I’m always on the lookout for new recipes for vegetables. This recipe was a winner! It is easy and quite tasty. I made the recipe as written, but I think next time instead of roasting the zucchini in the oven I would grill the zucchini and then finish roasting in the oven to melt the cheese.
Be sure to pack stuffing tightly in the zucchini shells so it doesn’t fall out as it cooks.
- 4 medium zucchini, (6 to 8 ounces each), halved lengthwise
- 1 tablespoon olive oil
- 1 medium onion, coarsely chopped
- Freshly ground pepper
- 7 1/2 ounces feta cheese, crumbled (1 1/2 cups)
- 1 pint grape or cherry tomatoes, halved
- Preheat oven to 475 degrees. Using a tablespoon, scoop out zucchini centers to form “canoes,” leaving a 1/4-inch border. Roughly chop centers; set aside.
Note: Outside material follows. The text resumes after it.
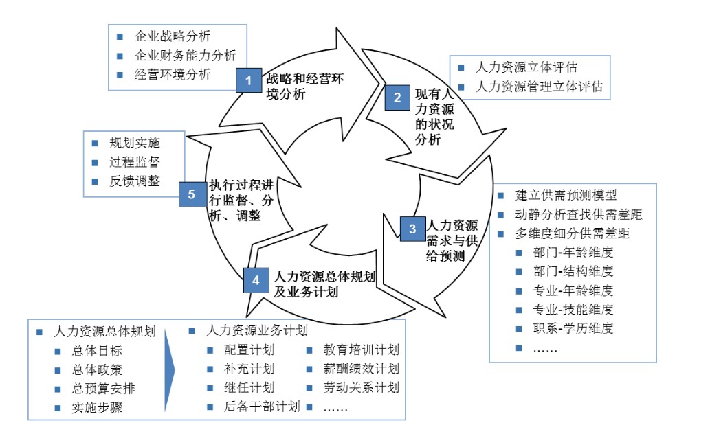承接公司战略,在系统分析内外部环境和历史经验的基础上,形成未来人力资源体系建设的指导思想、总体目标、实现路径、工作任务与量化指标,建立基于业务驱动因素的人才队伍与数量规划,保障战略的实现。

- Arrange zucchini, cut sides down, on a rimmed baking sheet; bake 15 minutes. Remove from oven.
- Meanwhile, heat oil in a large skillet over medium. Add onion and 1/2 teaspoon pepper; cook, stirring, until soft, 3 to 5 minutes. Add chopped zucchini, and cook, stirring, until most of the liquid has evaporated, about 8 minutes. Remove from heat; let cool slightly. Fold in feta and tomatoes.
- Turn hollowed-out zucchini cut sides up, fill with vegetable-feta mixture, and bake until top is lightly browned, about 20 minutes. Lift zucchini from baking sheet with a wide spatula, and serve.